Dean laughs a dry, brittle, almost cracking laugh as he swipes his hands across his face and rests his elbows on his knees. “I’ll be dead ten years from now, Dora. Guys like me don’t get to have a future.”
*****
They schedule him for a follow-up next week, and Dean leaves with marching orders to stop taking the stimulants and lay off the alcohol. He steps out the waiting room door and back into the bedroom he’s been sleeping in at Bobby’s house. Once he pulls himself together, he wanders downstairs into the kitchen to find Sam head-first in the fridge looking for something to eat for lunch.
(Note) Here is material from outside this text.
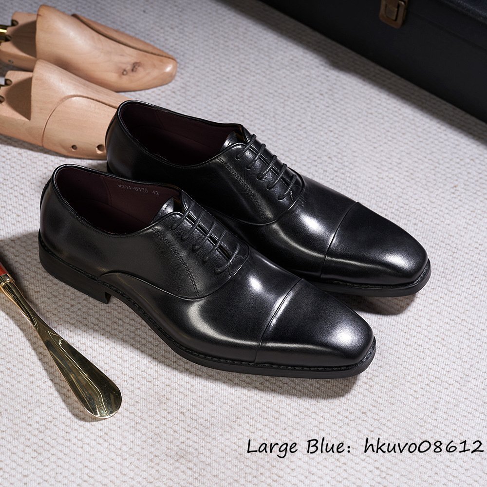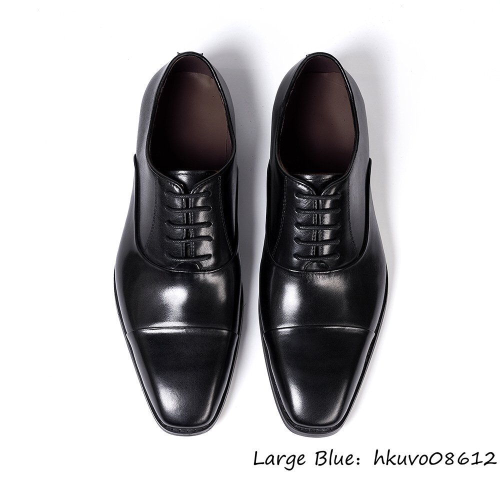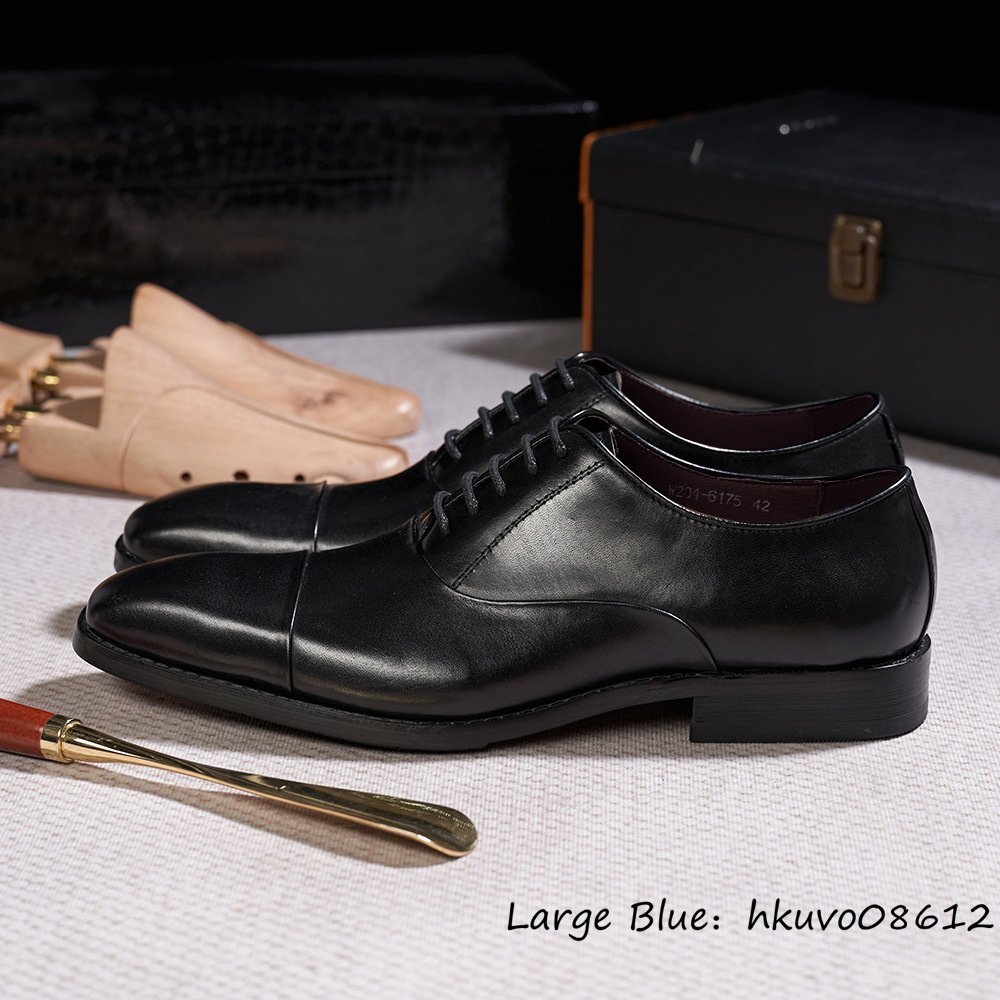 定価11万超★本革 ビジネスシューズ メンズ 職人手作り 最高級 牛革 レザーシューズ 内羽根 紳士用 革靴 フォーマル 宴会 ブラック 24.5cm

“Want a beer?” Sam asks as he sees Dean come in. He works his way back out of the fridge to drop the stuff to make sandwiches with onto the counter. “I’m making turkey on rye. You want one?”
“I’ll take you up on the food,” Dean says, “but skip the beer, okay?”
“No beer?” Sam snorts. “Christo!”
“I’m not possessed, asshole.” Dean huffs. “I just need to lay off for a while.”
“Dora thinks you have a drinking problem?” Sam’s voice is a mix of stunned and flat.
“Not exactly.” Dean shrugs. “Maybe I think I do.”
Sam gives him a Pepsi, and gets himself a Sprite.